Нужно впрочем заметить, что ипотека на движимость не всегда
проявляется как negotium in fraudem legis; в некоторых кодексах, в германском
уложении, например, мы видим, что ипотека на недвижимость простирается на
инвентарь и плоды[721], пока
эти движимые вещи не вышли из обладания залогодателя[722].

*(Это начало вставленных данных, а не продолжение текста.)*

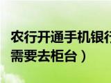大家好,小东方来为大家解答以上的问题。农行开通手机银行需要去柜台,开通手机银行需要去柜台这个很多人还不知道,现在让我们一起来看看吧! 浏览全文>>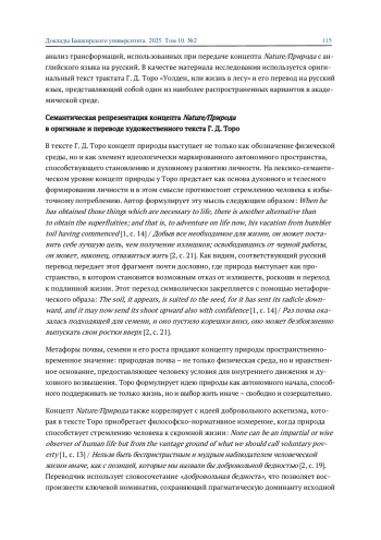 Статья: РЕПРЕЗЕНТАЦИЯ КОНЦЕПТА NATURE/ПРИРОДА В ОРИГИНАЛЕ И РУССКОЯЗЫЧНОМ ПЕРЕВОДЕ ТРАКТАТА Г. Д. ТОРО «УОЛДЕН, ИЛИ ЖИЗНЬ В ЛЕСУ» (2025)
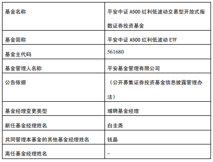 中国经济网北京11月6日讯今日,平安基金公告,平安中证A500红利低波动ETF增聘白圭尧。 | 基金名称 | 平安中证 A500 红利低波动交易型开放式指 | | --- | --- | | | 数证券投资基金 | | 基金简称 | 平安中证 A500 红利低波动 ETF | | 基金主代码 | 561680 | | 基金管理人名称 | 平安基金管理有限公司 | | 公告依据 | 《公开募集证券投资基金信息披露管理办 | | | 法》 | | 基金经理变更类型 | 增聘基金经理 | | 新任基金经理姓名 | 白圭尧 | | 共同管理本基金的其他基金经理姓名 | 钱晶 | | 离任基金经理姓名 | - | 平安中证A500红利低波动ETF成立于2025年8月27日,截至2025年11月5日,成立来收益率为2.30%。 白圭尧曾任中国五矿集团公司交易员、中国邮政储蓄银行资产管理部投资经理、中邮理财有限责任公司 组合策略部高级副总裁,2025年5月加入平安基金管理有限公司。 ...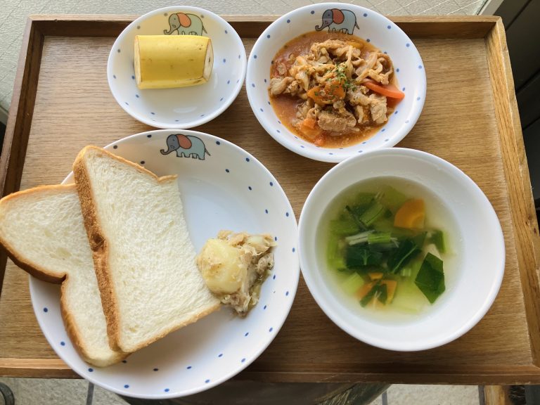 ・食パン・ポークチャップ・リヨネーズポテト・スープ・バナナ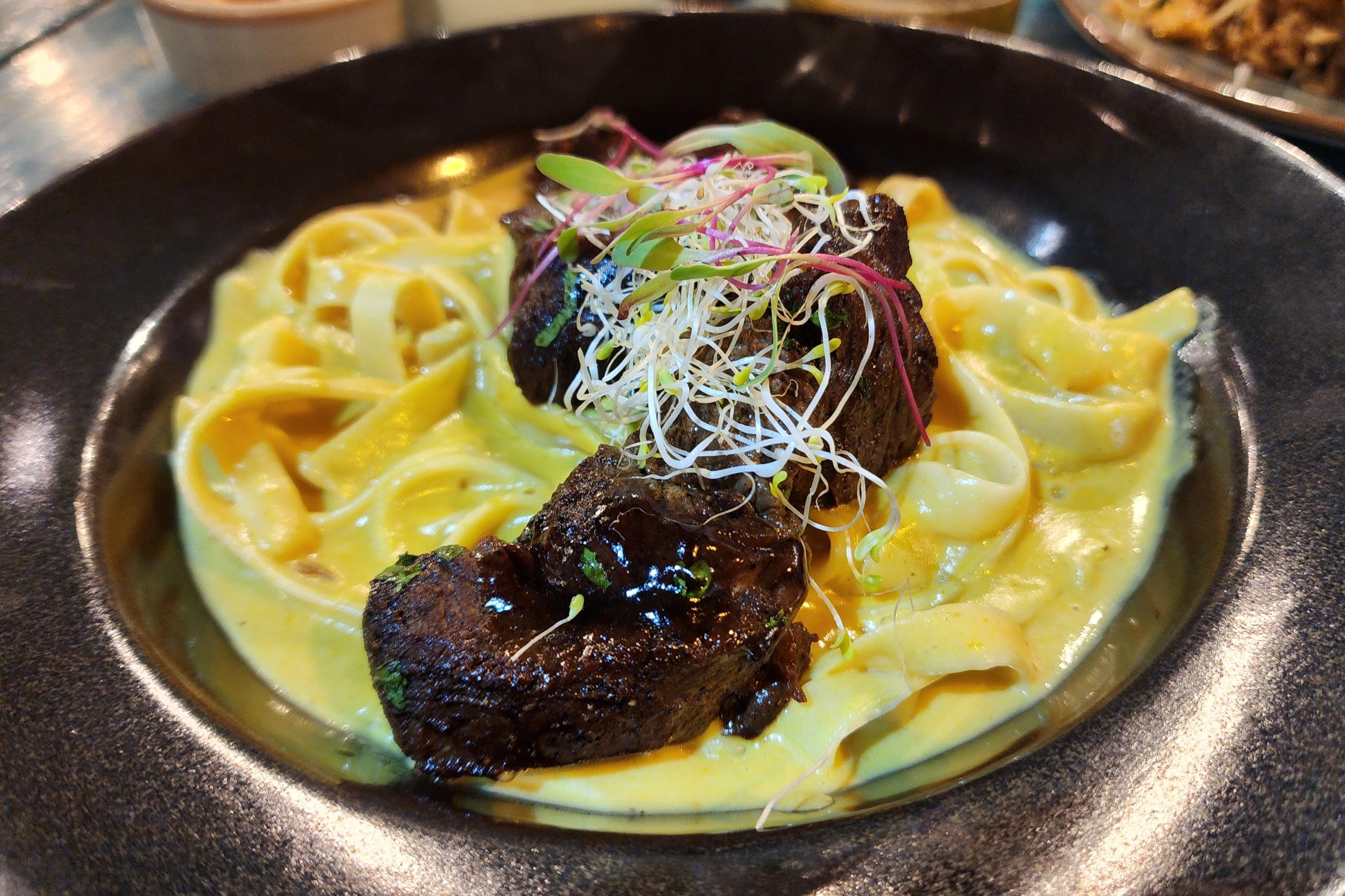 Mi plato favorito hasta ahora es el lomo y pasta a la huancaína. El lomo es un plato súper delicioso de tiernas tiras de solomillo marinado, que se sirve sobre la pasta a la huancaína. La pasta parece como fettuccine alfredo, pero en realidad está bañada en una suave (no picante) salsa huancaína hecho de ají.

Доктрина[723] старается провести здесь
обыкновенно понятие о залоге недвижимости, обнимающем между прочим продолжения
или принадлежности оной. Но этим путем тем не менее не устраняется в области
теории отступление от общего принципа, не допускающего ипотеки на движимость,
так как собранный урожай, скот, сельскохозяйственные орудия, находящиеся на
участке, обременены вещным правом несмотря на то, что они не вошли в обладание
залогодержателя. Отступление еще ярче обнаруживается в прусском законе о залоге
железных дорог[724];
последние образуют т. н. Bahneinheiten, в которые входит движимое и
недвижимое имущество данного общества[725];
залог этой совокупности[726] не
препятствует обращению подвижного состава, так что вагоны, принадлежащие
залогодателю, могут циркулировать по всем дорогам Европы и оставаться все-таки
подвластными залоговому праву кредитора. Здесь еще менее, чем в предыдущих
случаях, соблюдается принцип обязательности ручного заклада движимости.

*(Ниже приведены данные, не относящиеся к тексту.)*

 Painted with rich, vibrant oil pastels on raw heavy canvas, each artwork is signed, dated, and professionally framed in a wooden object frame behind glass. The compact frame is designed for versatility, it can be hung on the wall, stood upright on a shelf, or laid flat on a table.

Право иногда не поспевает на защиту нововозникших
экономических явлений. Отношения, не могущие быть подведенными под существующие
рубрики, нуждаются тогда в экстренных мерах со стороны законодателя; а потом
уже наступает роль юридической догматики, призванной к определению
теоретического характера созданного таким путем института. Подобный пробел,
вызванный отсутствием соответствующих постановлений в арсенале действующих
систем, можно отметить по отношению к закладным листам, выпускаемым ипотечными
банками в течение второй половины столетия. Критическое положение, в котором
очутились держатели этих бумаг, которые дотоле считались снабженными вещным обеспечением,
принадлежит, несомненно, к числу самых курьезных эпизодов в истории
современного залогового права. Выше было указано на то, что в первоначальных
ипотечных союзах закладной лист соответствовал определенному участку, на
который устанавливалось обременение в размере данной суммы; таким образом, в
этих сделках не нарушалось понятие о залоговом праве несмотря на то, что между
землевладельцем и заимодавцем фигурировал банк как посредник[727].

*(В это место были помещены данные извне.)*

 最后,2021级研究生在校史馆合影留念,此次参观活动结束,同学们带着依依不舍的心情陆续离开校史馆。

Впоследствии же образовались другие кредитные учреждения не в виде союзов
землевладельцев, связанных круговой порукой, а в форме соединения капиталистов,
учреждавших акционерные товарищества[728],
которые расширяют круг своих ипотечных операций посредством выпуска закладных
листов, содержащих здесь только простое требование против банка. Залогодатель
отвечает, таким образом, перед банком по залоговой сделке заложенным участком;
за уплату же процентов и капитала по закладному листу банк отвечает перед
своими заимодавцами, как обыкновенный должник, всем своим имуществом и главным
образом теми залоговыми правами, которые он приобретает против залогодателей. В
некоторых уставах таких банков даже упоминалось, что держатели листов имеют
"преимущественное право" на удовлетворение из этой части актива банка, и такая
оговорка казалась достаточной[729], пока не
наступил общий финансовый кризис в Германии, коснувшийся также ипотечных бумаг,
в средине семидесятых годов[730]. Обнаружилось
тогда, что гарантия закладных листов, которой придавался вещный характер, легко
могла превратиться в фикцию при открытии конкурса над земельными банками.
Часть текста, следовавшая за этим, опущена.